The comments are also telling: utter surprise that anybody would resent the tone, etc, arguing it’s all a parody, yada. And then the comments about the red geranium that somebody’s neighbor overuses a bit because they can divide it themselves. The responses to that comment hit the nail on the head: instead of using what you have–thrift–you have to order tastefully native plants from a place like Annie’s Annuals for $8 to $12 a pop to be a part of the club here. (Don’t get me wrong. I love me some Annie’s Annuals and their service is great and the plants are To Die For. But it’s not a cheap gardening outlet.)

My grandmother’s red geraniums, Pepto-Bismol pink petunias, and sun-yellow Missouri primroses gave her tremendous pleasure. By all standards of today’s gardens, they are gauche. And I yet I remember them quite fondly.

There are always people ready to “police” pastimes–again, with the terminal seriousness of a social movement like local food production. The fact that this Garden Rant writer argues that sloppy gardeners promote pests and plant diseases is the same-old rhetorical device we always see: find a collective rationale for my positions (no matter how specious it probably is), and then preach on, telling other people how to live and work. Give me actual data on how many pests and disease are spread by gardeners who shop at Wal-Mart, and I’ll defer. Until then, you’re just another preacher/Amway salesman with a hobbyhorse you’re too egotistical to keep to yourself.

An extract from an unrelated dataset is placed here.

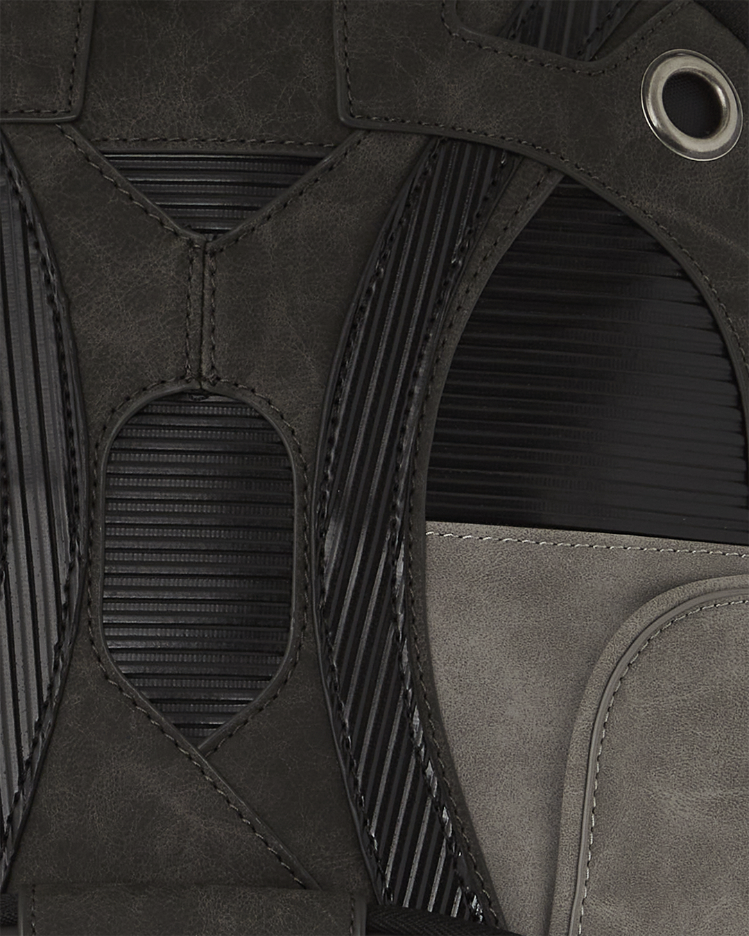 Rubber molded bottom, distressed faux leather, rubber sharkmouth pocket featuring buckle and grommet details, industrial top handle, faux suede and canvas trim details

I may plant some pink petunias just to annoy these people.

The truth as I see it: You can live by the rules and do everything “right”: read the gardening guides, wait a year before planting anything, studiously avoid the “plunk and plant” sin, etc etc–and you are still going to have to keep moving plants, pulling them out, etc etc. Because unless you have nothing to do besides watch where the sun hits your yard, your sun map will probably be wrong. Or a storm will come and split the tree which provided a huge amount of shade, and that change will alter the entire sun path across the yard–even after you carefully did the superior thing and planned and planned.

Perhaps nothing illustrates the peril of planning as an exercise than the garden, iow. You try and you try, and mostly, it delights you despite not really doing much anything what you planned for it to do other than grow and bloom.

This is my fourth big garden. My second in southern California. In my experience, every garden teaches you to how to garden it–not the other way around; you don’t impress your will upon it. Things will grow or they won’t, as they see fit. Just because the books and the garden police tell you what plants work in your zone and which ones don’t doesn’t get you all that far. Yep, as a general rule, you can’t put columbines into the baking California sun. Go with poppies. Yeah? Well, I’ve never gotten a single poppy to grow in southern California. Not one. Not in sun. Not in filtered shade. Not one. I kill them faster than I kill goldfish. So much for what I ought to be doing.

There are only two variables that really come into play with gardening, as with most things: money and time. You have those constraints, and the garden reflects them. But in all of it–just like everything else–the point is to have a good time, get some exercise, and get yourself someplace to sit outside where you can ignore the phone ringing inside and you can think about something other than yourself. You want to spend 8 hours a day and 30 percent of your income? Great? You want to spend an hour every weekend and a few dollars? That’s the way life is. Just because gardening is important to you doesn’t make it objectively important, or that you get to act like red geraniums mean a damn thing in the greater scheme of the world.

Fortunately my neighbors are not lawn police or garden police. There’s a very cool diversity of things going on in front lawns. My neighbors on both sides have small children, so their lawns are nice to play on. Down the way, a woman has gone to xeriscaping.

My lawn needs some water, of course, to provide grist for the judgers to judge.